Task item
Repeat exactly, and nothing more, the lines from the one that includes "Real Madrid's Vinicius" through the final line of the entries; skip the pictures.
·····
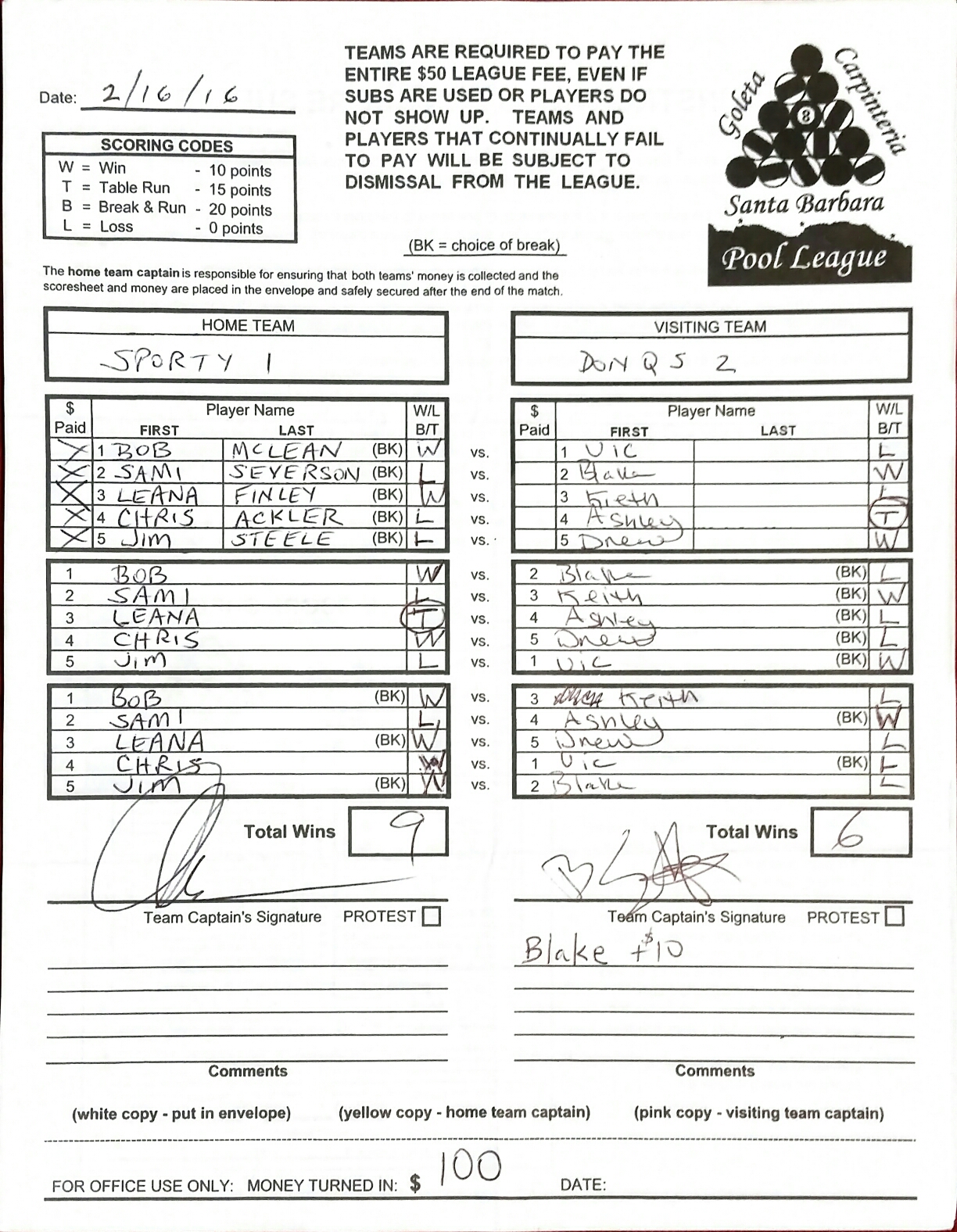 L | Chris Ackler | vs | Ashley Robinson | T |
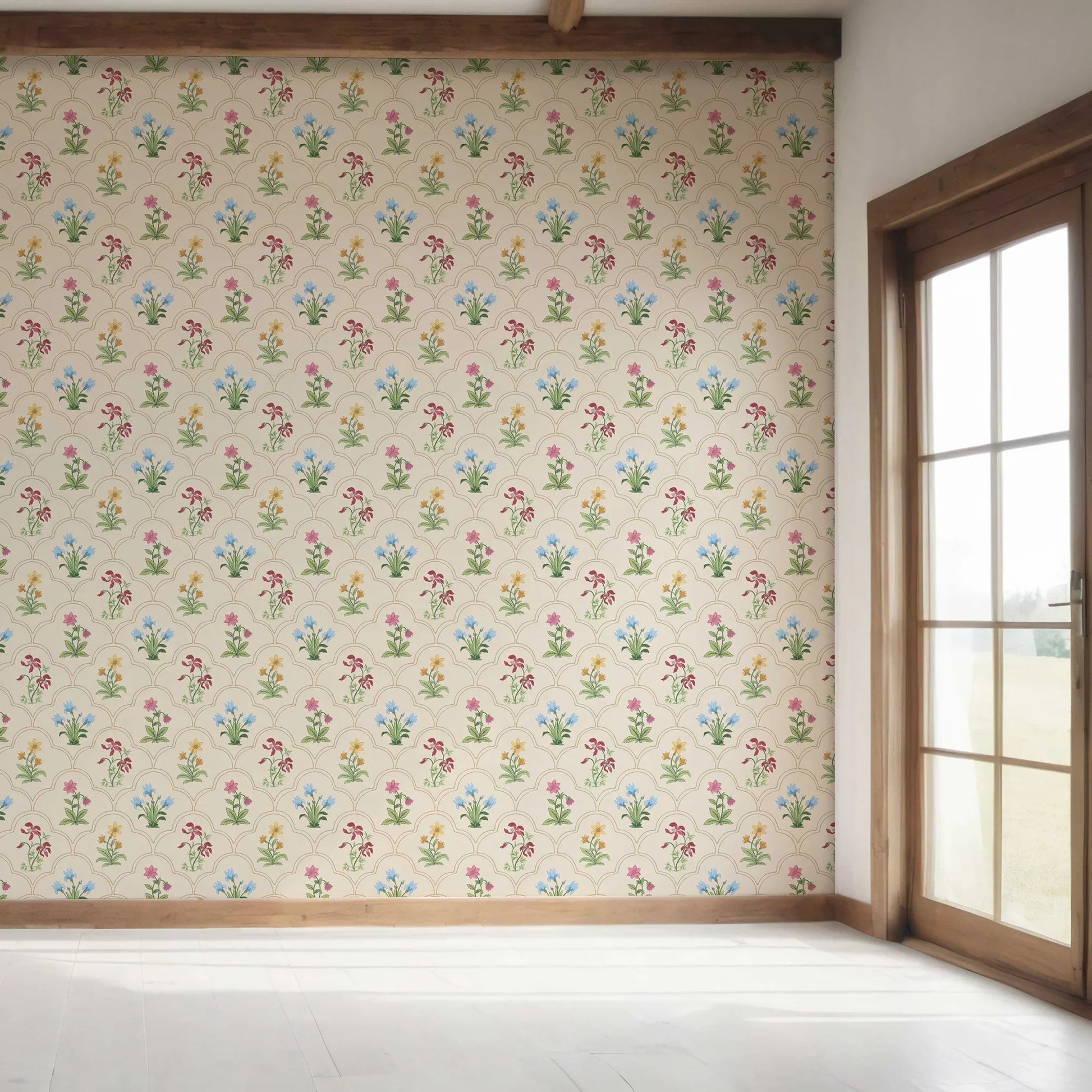 Bring timeless elegance into your space with the Nishat Wallpaper, a design inspired by the lush Mughal gardens that once flourished in palatial courtyards. Each floral motif blooms within graceful scalloped arches, creating a sense of harmony and rhythm across your walls.
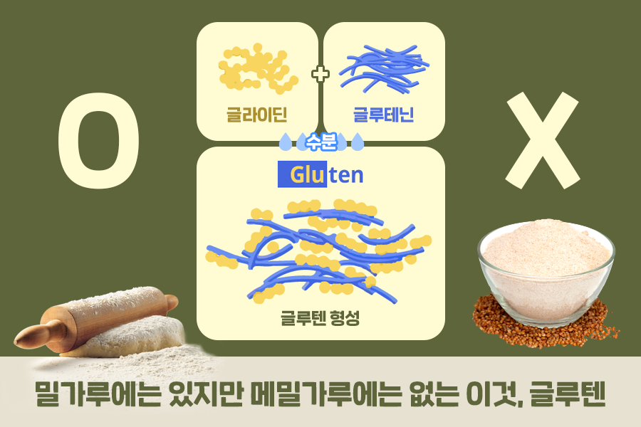 오늘날 우리가 흔히 먹는 냉면은 보통 60~80%의 메밀과 밀가루를 섞어서 만듭니다. ‘글루텐’이라는 성분 때문인데요. 글루텐이란 물에 녹지 않는 불용성 단백질로 이름의 Glu에서 유추할 수 있듯이 점착성을 갖습니다. 밀가루에는 글루텐이 있지만 메밀에는 글루텐이 없는데요. 이 때문에 메밀가루만으로는 끈기가 없어 반죽을 뭉치거나 면으로 뽑아내는 게 어렵지요. 그래서 밀가루를 함께 섞어서 만드는 것입니다.
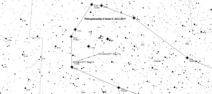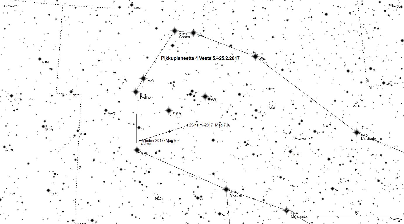 Asteroidi 4 Vesta oli oppositiossa tammikuun puolivälissä. Pikkuplaneettaa voidaan havaita kiikarilla maaliskuun alkuun saakka. Vesta liikkuu helmikuussa Kaksosten κ-tähden läheltä länsiluoteeseen υ-tähden lounaispuolelle. Kartassa Vestan sijainnit on merkitty viiden päivän välein pienillä plusmerkeillä.
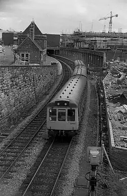 When the railways were nationalised in 1948, services at Clifton Down came under the aegis of the Western Region of British Railways,[2] and there remained a strong staff presence in 1958, with a station master, chief booking clerk, four other clerks, six porters, a shunter, a checker and a weighbridge assistant.[1] Passenger numbers however dropped sharply in 1961 as the result of a fare increase, and so in 1962 a new reduced timetable was enacted, which lost more passengers, and saw the withdrawal of a special schoolchildren's service.[3] A year later in 1963, the Beeching report suggested that all services along the Severn Beach Line be withdrawn. Following meetings with staff, it was decided to keep the line open to Severn Beach, but to close the section to Pilning, and also end services via Henbury.[2] These services duly ended,[4] and in July 1965 the goods yard at Clifton Down also closed.[1] The line however was still threatened, and on 10 February 1967 it was announced that all services between Stapleton Road and Severn Beach would be discontinued. An enquiry followed, and in June that year the decision was reversed, on the condition that tickets be issued on the trains. Thus, on 17 July 1967, all stations along the line, including Clifton Down, had their staff withdrawn.[1][2] The decrease of costs allowed a reduction of ticket prices, but the line was still under threat until in June 1969 it was decided that the line's closure would result in significant hardship, and so a grant was allocated to ensure continued services.[2] Service levels however still declined: though the "Monkey Specials" were still going strong into the 1960s, with 340,000 excursion passengers arriving between 1958 and 1966, the closure of many of the Welsh Valley Lines and the construction of the Severn Bridge led to their demise in the early 1970s. Most of the Severn Beach Line was reduced to single track in late 1970, leaving Clifton Down as one of the few passing places. The glass platform canopies were completely removed in May 1971, and the glass-covered footbridge was also removed, leaving a set of steps from Whiteladies road as the only access to the southern platform.[1] In the late 1970s and the early 1980s, the Clifton Down Shopping Centre was built over most of the goods yard,[5] the rest covered by a housing development.[6][1]
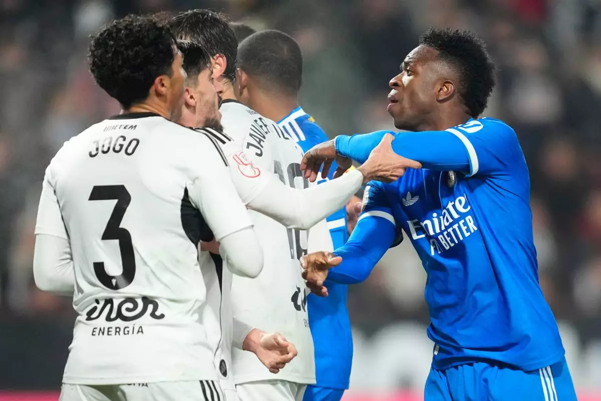 Real Madrid's Vinicius Junior argues with Albacete's players during the Copa del Rey round of 16 soccer match between Albacete and Real Madrid, in Albacete, Spain, Wednesday, Jan. 14, 2026. (AP Photo/Jose Breton)
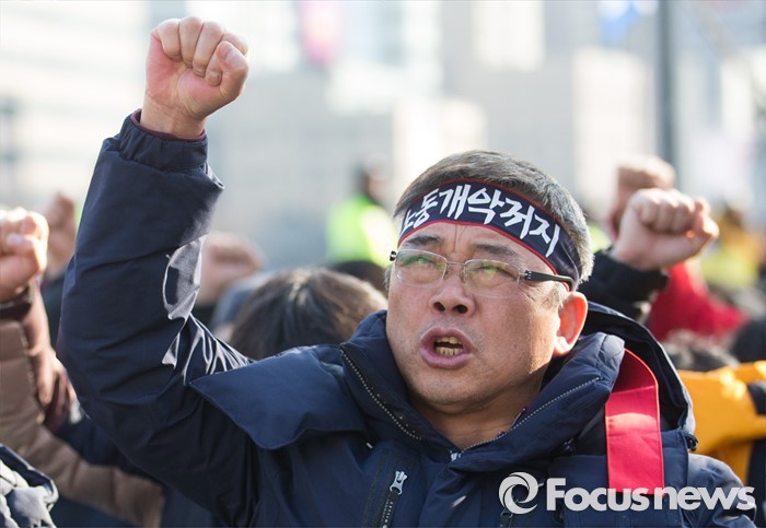 (서울=포커스뉴스) 27일 오후 서울 종로구 세종로 소공원에서 열린 '민주노총 총파업 수도권대회'에 참가한 민주노총 조합원들이 정부의 노동법 개정 중단을 촉구하는 구호를 외치고 있다.
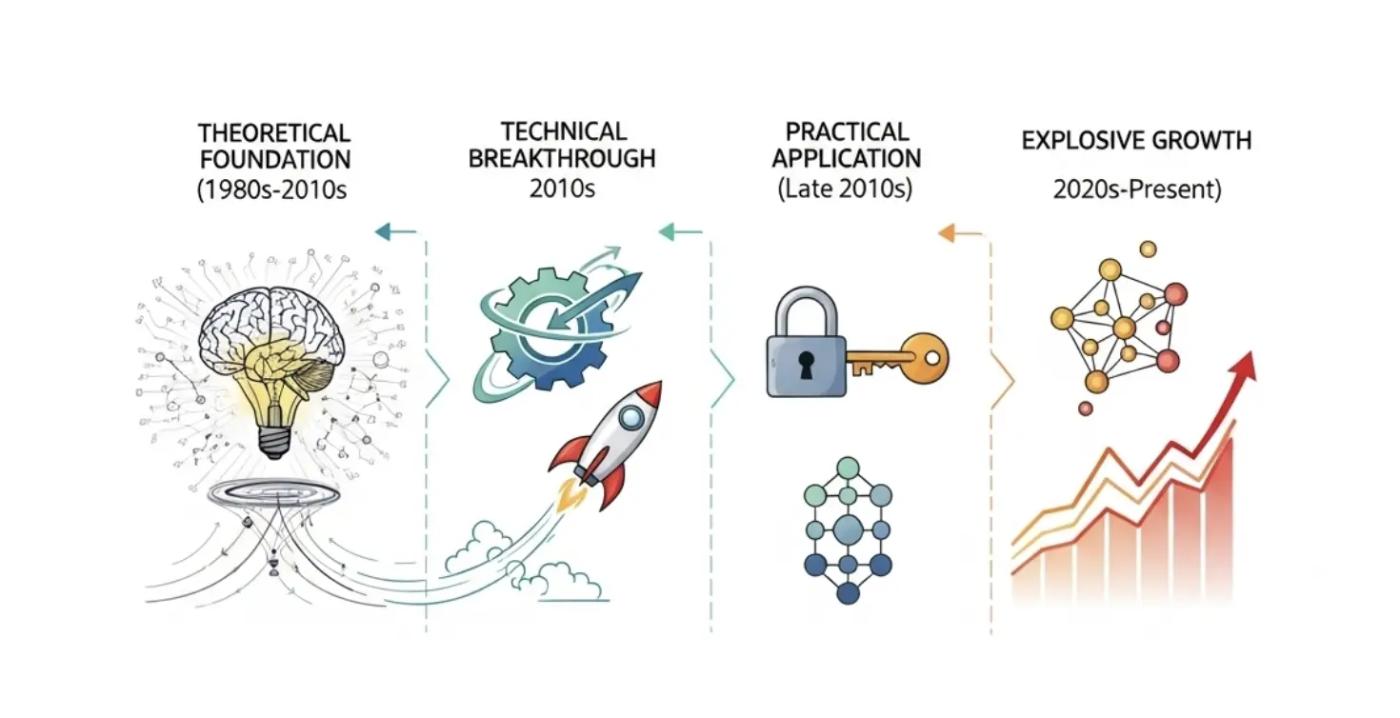 The development of zero-knowledge proof (ZK) technology did not happen overnight, but rather took decades of theoretical accumulation and engineering exploration. The overall process can be divided into the following key stages:
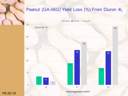 Peanut (GA-06G) Yield Loss (%) From Diuron 4L<BR>Time of Application (DAP)<BR>LSD (0.10) = 9<BR>PE-02-19<BR>
·····
Task result
 Real Madrid's Vinicius Junior argues with Albacete's players during the Copa del Rey round of 16 soccer match between Albacete and Real Madrid, in Albacete, Spain, Wednesday, Jan. 14, 2026. (AP Photo/Jose Breton)
 (서울=포커스뉴스) 27일 오후 서울 종로구 세종로 소공원에서 열린 '민주노총 총파업 수도권대회'에 참가한 민주노총 조합원들이 정부의 노동법 개정 중단을 촉구하는 구호를 외치고 있다.
 The development of zero-knowledge proof (ZK) technology did not happen overnight, but rather took decades of theoretical accumulation and engineering exploration. The overall process can be divided into the following key stages:
 Peanut (GA-06G) Yield Loss (%) From Diuron 4L<BR>Time of Application (DAP)<BR>LSD (0.10) = 9<BR>PE-02-19<BR>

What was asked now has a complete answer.